The simplest of mishaps makes me paranoid about the worst-case scenario because I have been programmed to pursue absolute success in academia. As I meet more people over the years, I realise that a large fraction of my generation has been moulded to pursue success without ever learning how to deal with failures along the way. But while preparing us for this rat race of success, our parents decided to provide us with one crucial tool.
They forgot to give us a reason to be in the race.
Halfway through the race track, we forgot to ask about it. Even if we remembered, it was too late for us to pull out from the race anyways. The singer, the poet, the writer, and the cricketer inside us were manipulated to weigh their lives based on grades.
Maybe up until school and college, many of our parents were directly involved in our academics. But as we grew up, they set us free. Yet, we can't fly because our wings are too accustomed to the cage. We cannot let go of the rules set by our parents. Anything other than academic success is not good enough since it's not satisfying to our parents or the expectations set on us. The writer in me cannot suddenly let go of the academic expectations and pursue writing as a career despite having the opportunity to make my own career choices.
With time, we grow up to be people-pleasers. The only reason for us to pursue academic success is that we don't want to let our parents down or be proven as a failure to our classmates, our teachers, or the very system that extorts us.

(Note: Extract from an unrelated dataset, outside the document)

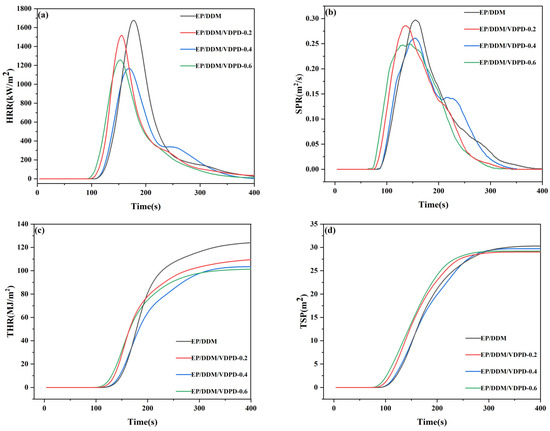 HRR (a), SPR (b), THR (c), and TSP (d) curves of EP/DDM and EP/DDM/VDPD.

With time, we become good at it. We excel in our academic duties and the expectations keep on rising. But somewhere along the line, everyone stumbles. Failure, however inevitable, becomes impossible to deal with because we've merely been pushed to pursue the goal. But teaching how to cope with failures along the way wasn't part of the syllabus since failure was never an option to begin with.
There's no universal guide to dealing with failures that our parents can teach us. But dealing with failures isn't about following a few steps after the tragedy and forgetting about it. It's a continuous process of finding something more to life than a particular goal and not being dictated by wins and losses. It's about defining your own parameters rather than living in your parents' preconceived ones.
Because after a certain age, freedom will inevitably be ours. The question is whether we'd be able to accept that freedom and define our own way of life or continue to be shackled by the phantom chains that no longer exist.